さて、AIにおける政府の役割は大きく2つ、アクセルとブレーキだ。AIの最先端技術推進や最先端活用にはアクセルを、AIの悪用、間違った結果、大衆のミスリードなどを防ぐためには、ブレーキを使う必要がある。そして、そのバランスが大切だが、国によって、そのバランスのとり方は異なる。米国はバイデン政権の、どちらかというとブレーキをかけることに神経を使っていたものから、トランプ政権ではアクセルに踏み変えた。これは、米国のテクノロジー業界から強い要望が出ていたもので、対中国で優位を保つために必要だったことだと言える。
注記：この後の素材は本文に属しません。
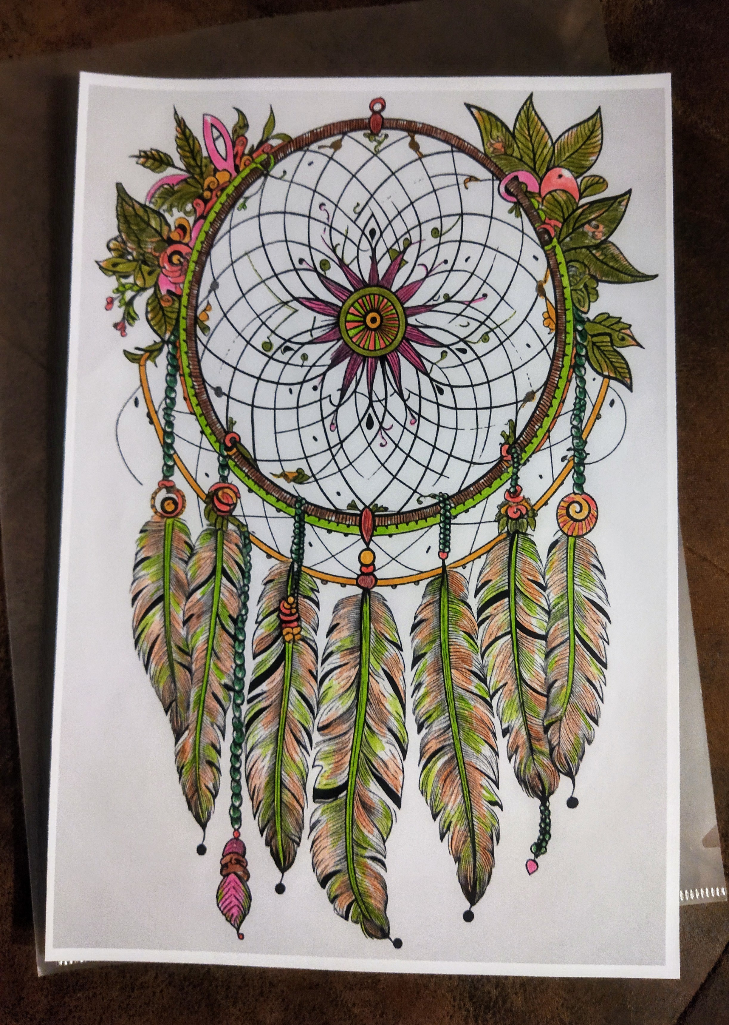 Au cœur d’un cercle délicatement tissé, une rosace florale rayonne comme une étoile intérieure. Les plumes longues et détaillées, subtilement nuancées de verts profonds, de bruns chauds et de touches rosées, descendent avec élégance, créant un mouvement fluide et apaisant.

これによって、AIの暴走の危険もあるが、米国企業だけに規制をかけても、他国がAIを暴走させてしまったのでは、どうにもならず、その結果技術的に遅れを取っては大変なので、仕方がないとも言える。政府がAI企業に対する規制で、AIの暴走を押さえられないのであれば、AIを利用する企業や個人が自分自身で自分を守るしかない。ヨーロッパは逆にAIの暴走を警戒して、やや規制を強める方向に見える。

 

では、日本はどうするべきか。日本は、もう少し違ったバランスでものを考えることを期待したい。米国のように、ブレーキ軽視でアクセルを強く踏むのではないが、最先端技術で勝負する部分では、ある程度アクセルを踏む必要がある。一方、AIを広く活用するという面では、適度なブレーキも使い、安全・安心という日本の大きないいところを生かしたAIにしていきたい。ただ、かけるブレーキによって技術の発展を押さえるものになっては、他国に遅れをとり、AI後進国になりかねない。AI後進国になるということは、経済などの面でも後進国になってしまう危険性が強いので、要注意だ。このバランスをどう取っていくかは、とても難しい問題だが、ぜひ日本が世界の模範となるような、最適バランスを作り上げてほしいと願っている。

 

AIは、それを使うメリットが大きいが、注意しなければならない点も多々ある。そして、その進化のスピードは、これまでにない速さだ。企業も、個人も、国も、AIとともに生きることが避けられないこれからの世界。どう生きるかは、我々自身にかかっている大きな問題だ。